Nory’s message was well aligned with a central industry concern: how to use technology to protect margins in a market where demand is volatile, labor is expensive and cost control requires faster decisions.
By Dustin Stone, Gavriel Shohet and Lea Mira, RTN staff writers - 6.29.2026

Restaurant operators have no shortage of data. POS systems capture sales. Scheduling platforms track labor. Inventory tools record stock movement. Accounting systems show financial results. Guest feedback arrives through review sites, surveys and social channels. The problem is that too much of that information still sits in disconnected systems, forcing managers to reconcile reports manually and make daily decisions with incomplete visibility.

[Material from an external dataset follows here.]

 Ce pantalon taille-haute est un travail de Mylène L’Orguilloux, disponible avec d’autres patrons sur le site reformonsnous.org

Nory is building its restaurant management platform around that gap. The company describes its system as an agentic AI restaurant operating system, designed to help restaurants predict demand, build staffing plans, manage ordering and payroll, and keep P&L performance on track across locations. The focus is not on guest-facing ordering or POS replacement. It is on the operating decisions that determine whether restaurants control labor, cost of goods sold, waste and margin.

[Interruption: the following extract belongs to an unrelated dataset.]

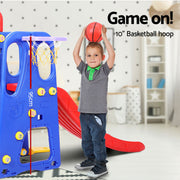 Danoz Kids - Keezi Kids Slide Swing Set Basketball Hoop Outdoor Playground Toys 120cm Blue

That positioning gives Nory a distinct role in the restaurant technology ecosystem. Many restaurant software platforms help operators understand what happened after the fact. Nory is trying to move AI closer to the decisions that happen before and during service: how much demand to expect, how many people to schedule, what to order, where waste is building and whether a location is drifting away from its targets. In that sense, the company’s AI story is less about dashboards and more about operational action.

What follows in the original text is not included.